RECORDS FOR THIS TASK: Begin

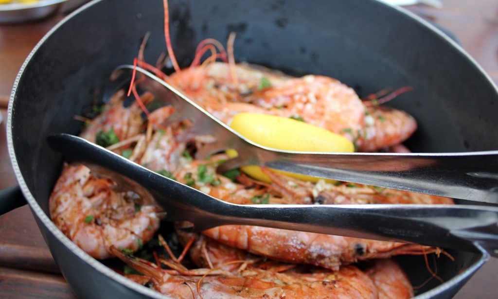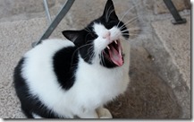 城壁を歩く前に、港の広場のような場所のレストランでランチ。 イカスミのリゾットとエビを外にあったテーブルで食べていると足元で猫がおねだり
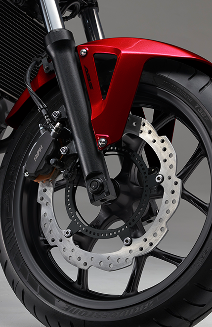※ABSはライダーのブレーキ操作を補助するシステムです。ABSを装備していない車両と同様に、コーナー等の手前では十分な減速が必要であり、無理な運転までは対応できません。ABS作動時は、キックバック(揺り戻し)によってシステム作動を知らせます。
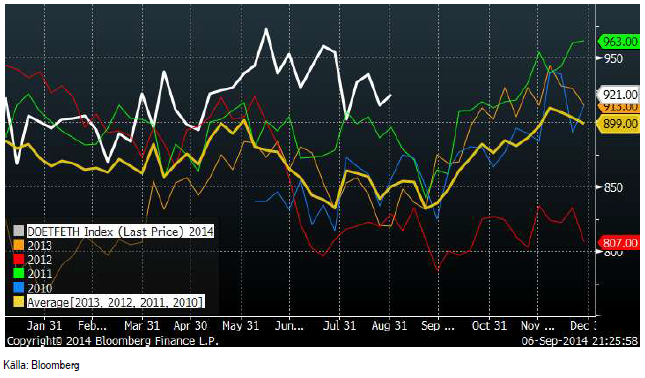 I fredags morse rapporterade Reuters att Ryssland Grain Union (RGU) med hänvisning till ett läckt brev från premiärminister Medvedev, att ryska jordbruksdepartementet överväger att införa ett exportstopp på vete under 2014/15. Detta ska ses mot bakgrund av att spannmålsskörden ser ut att bli över 100 mt, och att Ryssland redan exporterat 7.3 mt spannmål sedan den 1 juli. Enligt brevet som RGU citerar skulle exportstoppet slå till om exporten når 26.9 mt. IKAR och ProZerno har båda förutspått en export på 33 mt i år, så vi bedömer att den här informationen om ett exportstopp stämmer. Priset på spannmål är lågt och det råkar ha varit bra väder i år, samtidigt som Ryssland de facto befinner sig i krig med ett av EU och USA uppbackat Ukraina. USDA ligger som bekant väsentligt lägre i sitt produktions- och exportestimat för Ryssland. Det kommer de säkerligen att justera upp i den kommande WASDE-rapporten. Det här brevet kan vara ett ryskt försök att ”snacka upp” priset, men det kan också ligga någon sanning i det.
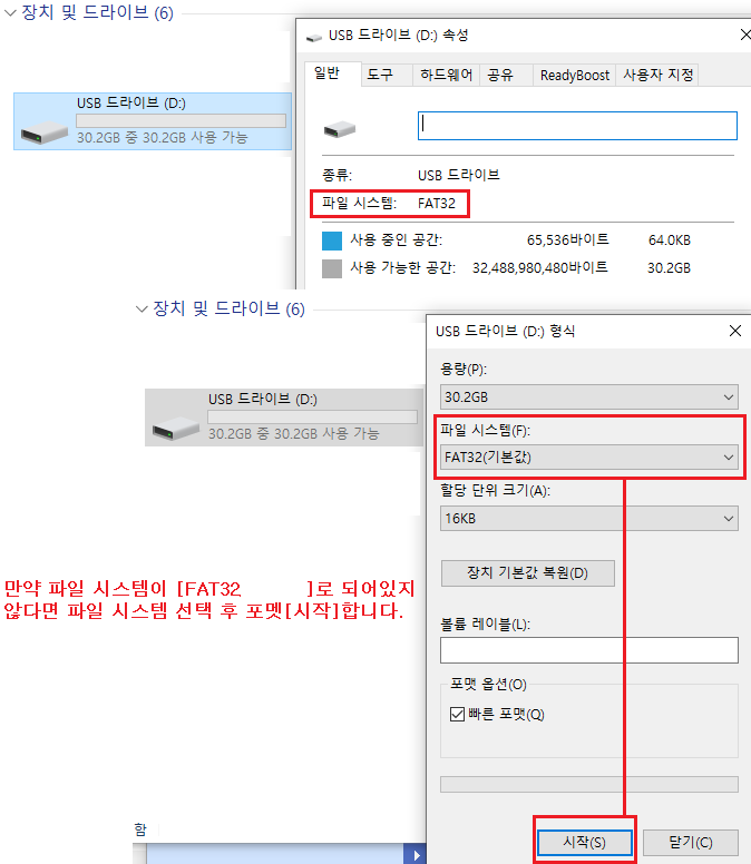 STEP02 → USB 플래시 드라이브 파일 시스템을 [FAT32]로 포맷
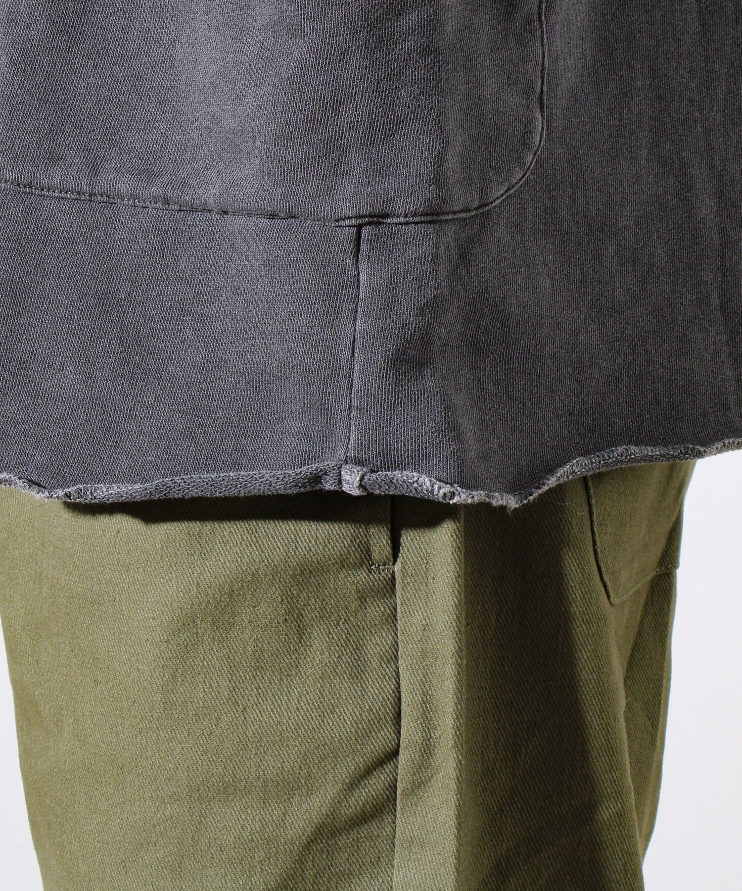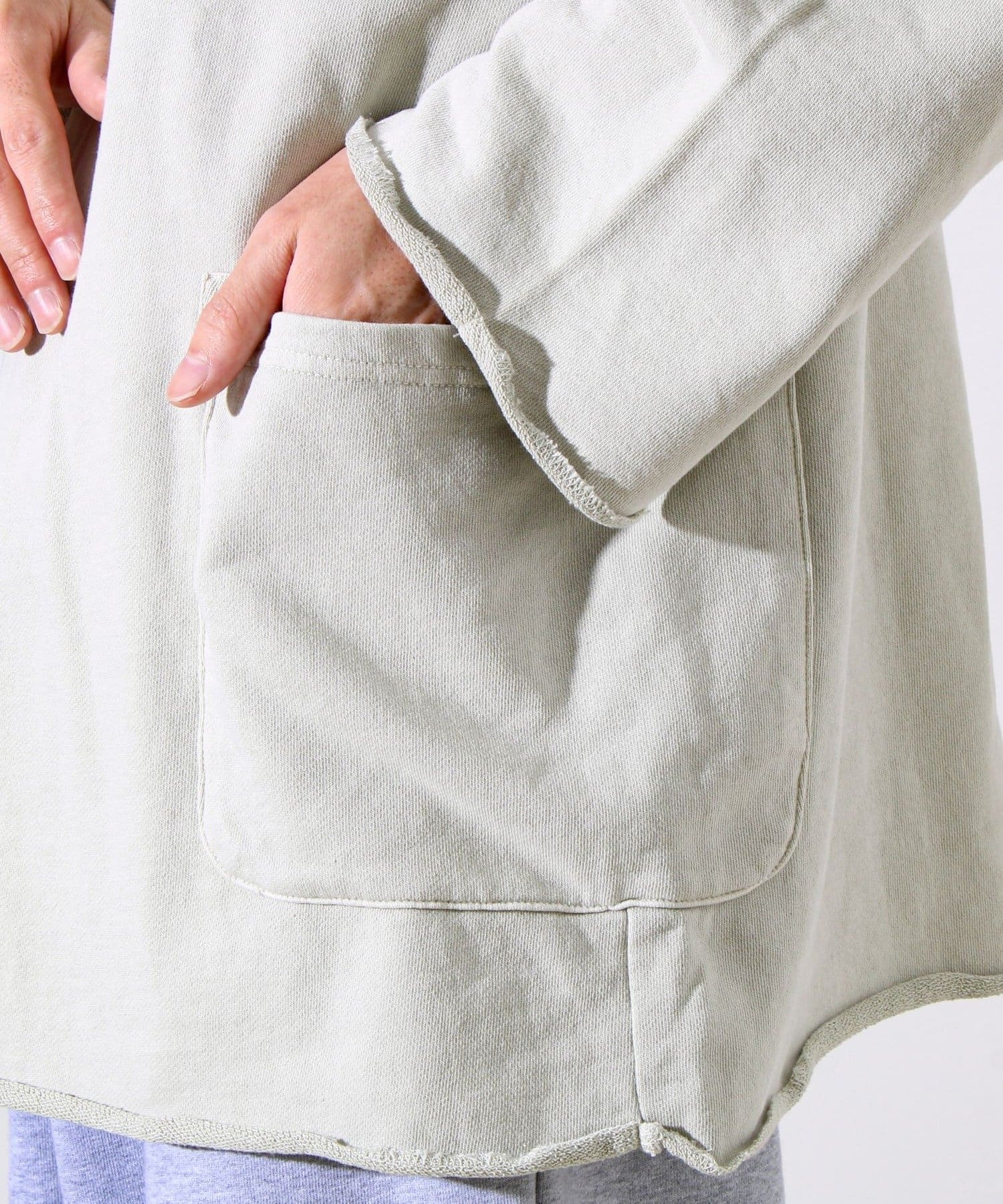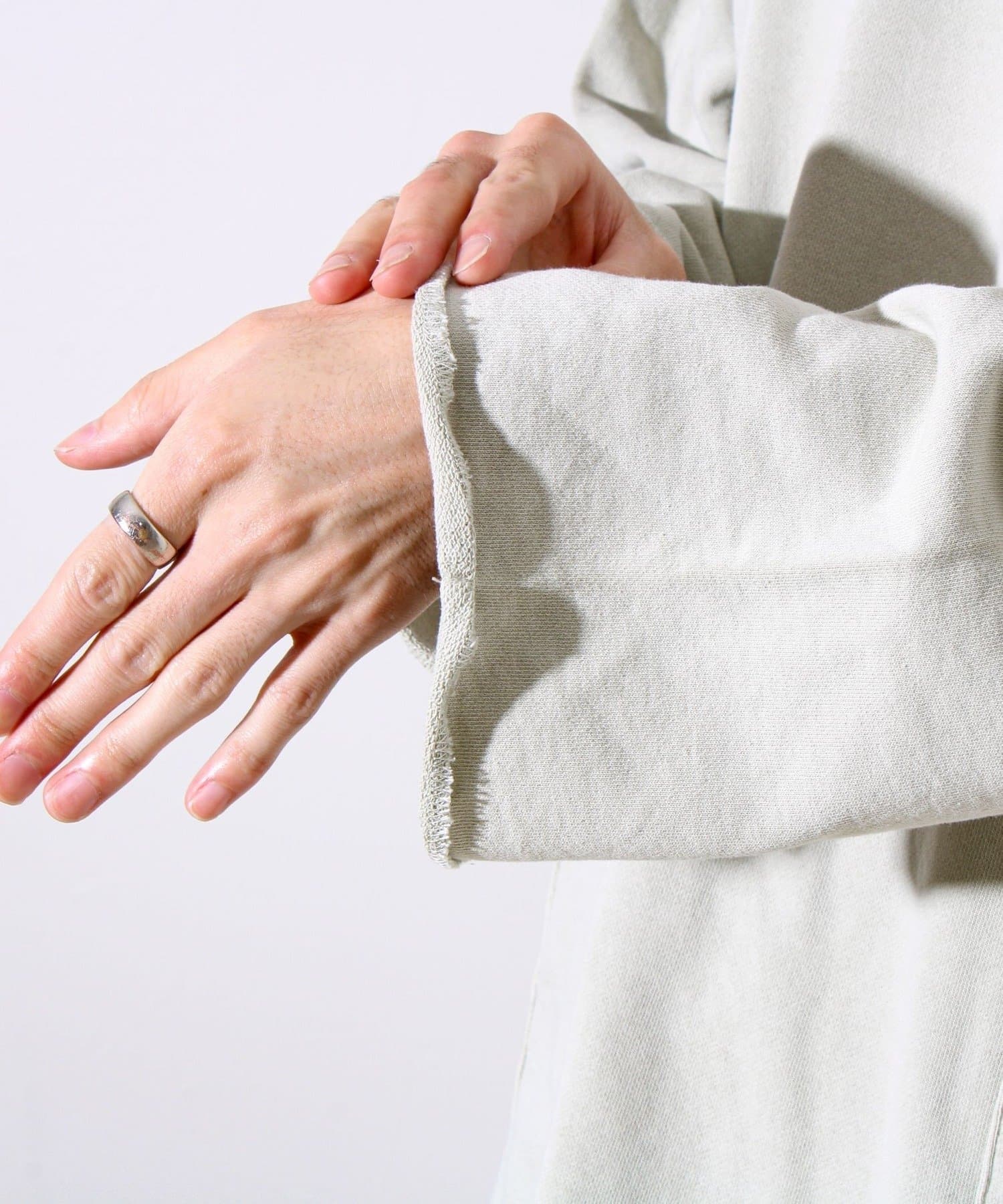 ・【無造作感が映える“カットオフ風仕上げ”】袖口と裾は、あえてラフな断ち切り風に仕上げ、着るだけでこなれた雰囲気に。シンプルながらもひとクセあるアクセントが、普段着に差をつけます。

RECORDS FOR THIS TASK: End

WHAT YOU WILL DO
Leave every picture out and return exactly the lines from the one holding "STEP02 → USB 플래시 드라이브 파일 시스템을 [FAT32]로 포맷" through the end of the records above, both ends included, and nothing more.

ANSWER TO THIS PROBLEM
 STEP02 → USB 플래시 드라이브 파일 시스템을 [FAT32]로 포맷
 ・【無造作感が映える“カットオフ風仕上げ”】袖口と裾は、あえてラフな断ち切り風に仕上げ、着るだけでこなれた雰囲気に。シンプルながらもひとクセあるアクセントが、普段着に差をつけます。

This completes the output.